Validation

Quality provides some validation utilities that can be used as part of your rule design activity to ensure sure you aren't using variables or functions that don't exist, or even possibly having recursive lambda calls.

It comes in two distinct flavours:

Schema Based - The schema representing your dictionary
DataFrame Based - Use an actual DataFrame to provide your dictionary

with the option of running the rules against your schema (or DataFrame) via the runnerFunction parameter.

A simpler function for just assessing known Errors against a schema are also provided:

def validate(schema: StructType, ruleSuite: RuleSuite): Set[RuleError]

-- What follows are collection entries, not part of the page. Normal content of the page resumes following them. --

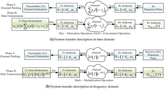 Systemtransfer schemes of time reversal based ultra-wideband (TRUWB) communication system, (a) in time domain; (b) in frequency domain.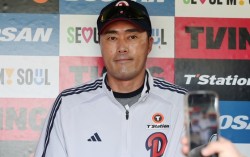"두산 베어스를 상징하는 '허슬(Hustle) 두'의 의미를 알지 못한다면, 이 유니폼을 입을 자격이 없다." 3일 잠실 KIA전에 앞서 인터뷰하는 조성환 두산 감독대행. 뉴스13일 잠실 KIA전에서 경기를 지켜보는 조성환 두산 감독대행. 뉴스1 프로야구…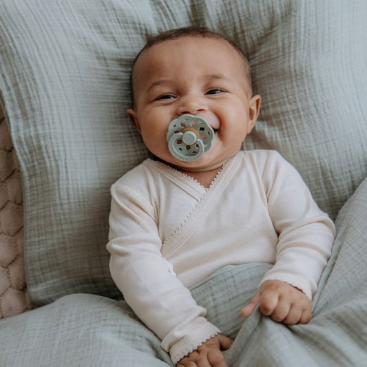 De Lux Round Silicon Soother 2pk Onesize - Ivory/Sage - BPA Free Dummy Pacifier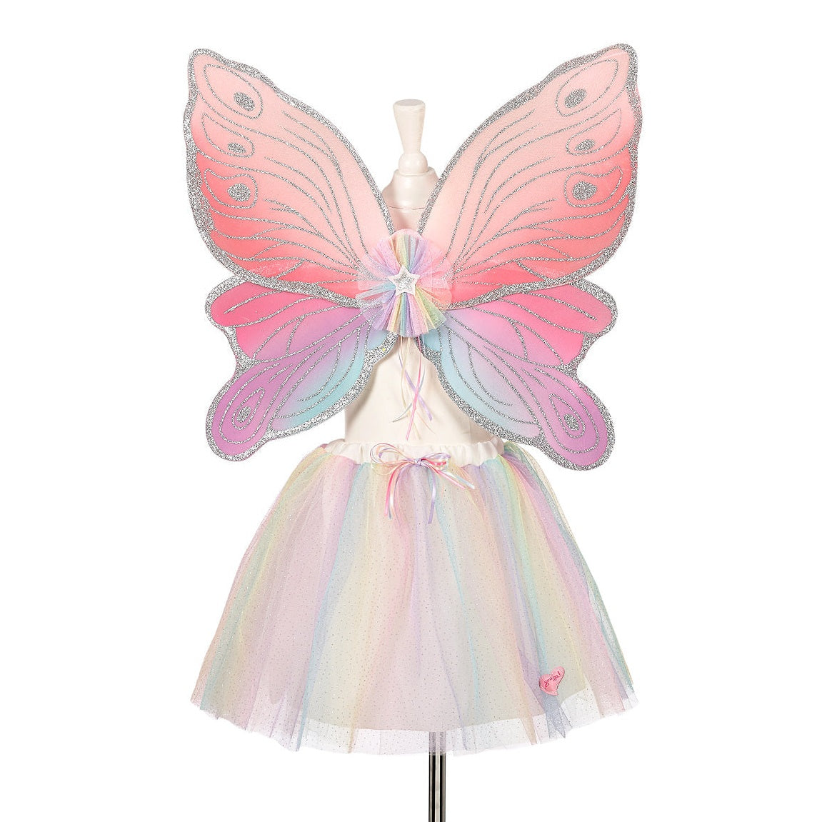 The Souza wings are in the colors of the rainbow with nice silver glitter. In the middle of the wings there is tulle and a star with silver glitter. The wings have elastic, soft straps, which the kid must wear around the shoulders.

The validation result model is as follows:

uml diagram

so the simple version returns any known Errors backed by case classes so you can pattern match as needed or just display as is via the id and errorText functions.

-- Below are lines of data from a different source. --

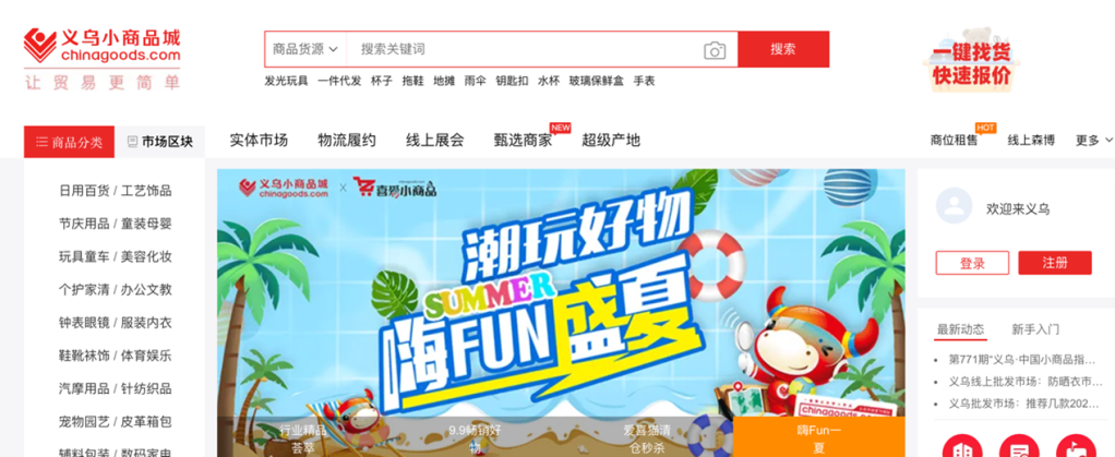 除此之外,商户可以通过市场官方创建的“义乌购”和“Chinagoods”平台来上传自己的商品,也可以通过像“1688”这样的电商平台来交易。这样就可以让无法来到实地查看商品的客户能够寻找到自己想要的商品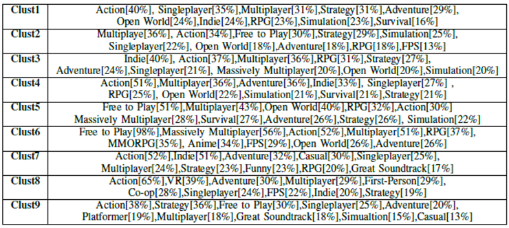 - 태그: 태그는 게임 특성을 나타내는 데 사용되며, 가중치를 적용해 나타난 클러스터 별 게임 태그 비율 파악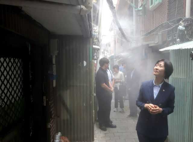이후에는 쪽방촌으로 이동해 물안개 분사장치(쿨링포그)와 쪽방 건물 내 설치된 공용에어컨 가동 현황을 점검했다.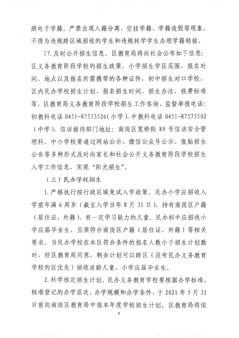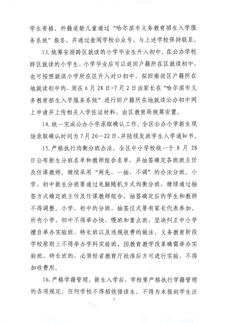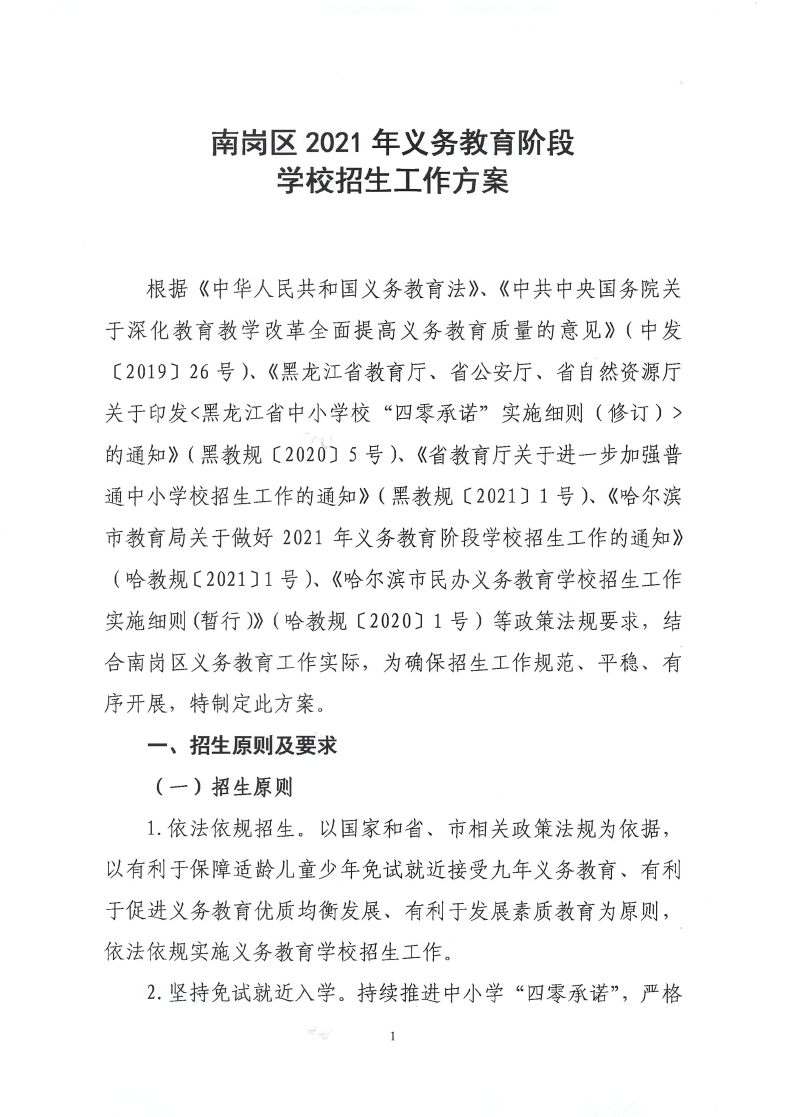 2021年哈尔滨市南岗区义务教育阶段学校初中、小学招生工作政策公布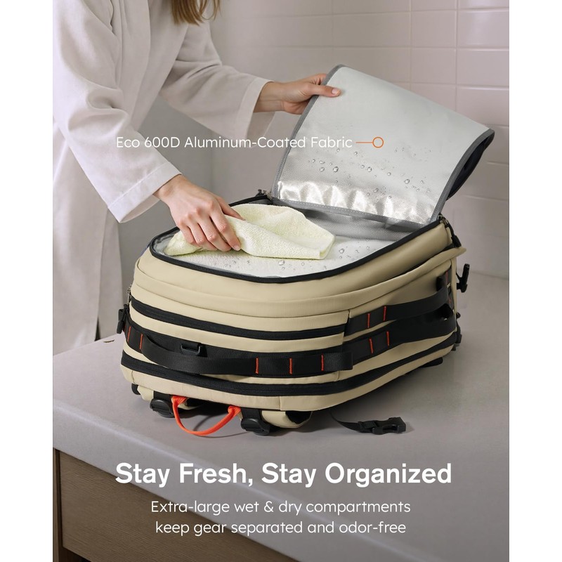 - ✅【Smart 8L Wet/Dry Storage】Tired of mixing damp clothes or used items with your clean gear while traveling? This travel backpack solves that with a dedicated wet/dry top compartment—perfect for storing gym wear, swimsuits, or rain-soaked items without affecting the rest of your belongings. With an expandable 40–45L capacity, it’s the perfect all-in-one solution for 3–5 day trips, keeping you prepared and organized wherever you go.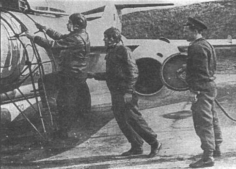 Командир 1-й АЭ 146-го ГвИАП А.Козий и летчик-оператор В.Шулепов (слева) после перехвата «Дракона». Васильков, 1963 г.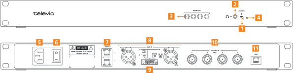 - Headphone connector: plug in headphone to check all audio input (audio over Dante™ and audio from the auxiliary audio inputs). Select the channel and adjust the volume using the web server.

Resolution of function names are run against the functionRegistry, as such you must register any UDF's or database functions before calling validate.

What if I want to actually test the ruleSuite runs?¶

def validate(schemaOrFrame: Either[StructType, DataFrame], ruleSuite: RuleSuite, showParams: ShowParams = ShowParams(), runnerFunction: Option[DataFrame => Column] = None, qualityName: String = "Quality", recursiveLambdasSOEIsOk: Boolean = false, transformBeforeShow: DataFrame => DataFrame = identity): (Set[RuleError], Set[RuleWarning], String, RuleSuiteDocs, Map[Id, ExpressionLookup])

Given you can either use a ruleRunner or a ruleEngineRunner and set a number of parameters on those Column functions the validate runnerFunction is as simple DataFrame => Column that allows you to tweak the output. In the case of ruleEngineRunner you could use debug mode, try with different DDL output types etc. Use the qualityName parameter if you want to store the output in another column. If you don't provide the runnerFunction the resulting string will be empty.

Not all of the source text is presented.